• **Instructions to follow**
Go through the data below and repeat it exactly, skipping each picture.

• **Given data**

#####

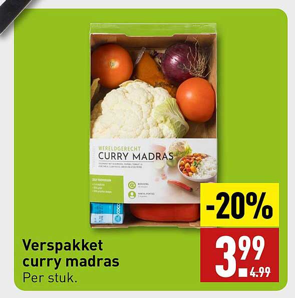 Bekijk de Verspakket Curry Madras aanbieding bij ALDI! Deze fantastische aanbieding is nu beschikbaar in de nieuwste ALDI folder. Profiteer van deze kans en bespaar flink op je aankoop.
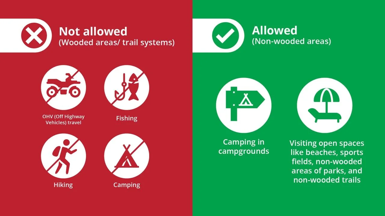 While the restrictions are in place, people can still access beaches and parks, but not the trail systems. Private landowners are free to use their own properties but cannot host others to use wooded areas of their properties.
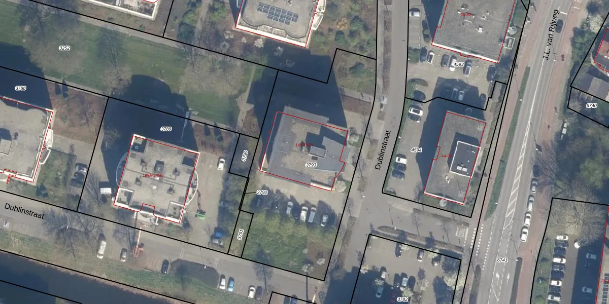 Het perceel waarop Dublinstraat 179 staat heeft een oppervlakte van 2181 m². Dit is een zeer groot perceel. De perceeloppervlakte wordt geregistreerd door het Kadaster. Gedetailleerde informatie over de maten van dit perceel kunt u vinden in het rapport Kadastrale kaart met maatvoering van Dublinstraat 179.
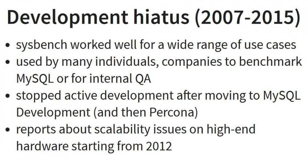 对于sysbench的学习如果有这样的方式也是极好的,所以我们就可以想办法找找sysbench作者的心路历程。自从0.5版本之后,有相当长的一段时间就没有深入维护了。

#####

• **Answer to this problem**
 Bekijk de Verspakket Curry Madras aanbieding bij ALDI! Deze fantastische aanbieding is nu beschikbaar in de nieuwste ALDI folder. Profiteer van deze kans en bespaar flink op je aankoop.
 While the restrictions are in place, people can still access beaches and parks, but not the trail systems. Private landowners are free to use their own properties but cannot host others to use wooded areas of their properties.
 Het perceel waarop Dublinstraat 179 staat heeft een oppervlakte van 2181 m². Dit is een zeer groot perceel. De perceeloppervlakte wordt geregistreerd door het Kadaster. Gedetailleerde informatie over de maten van dit perceel kunt u vinden in het rapport Kadastrale kaart met maatvoering van Dublinstraat 179.
 对于sysbench的学习如果有这样的方式也是极好的,所以我们就可以想办法找找sysbench作者的心路历程。自从0.5版本之后,有相当长的一段时间就没有深入维护了。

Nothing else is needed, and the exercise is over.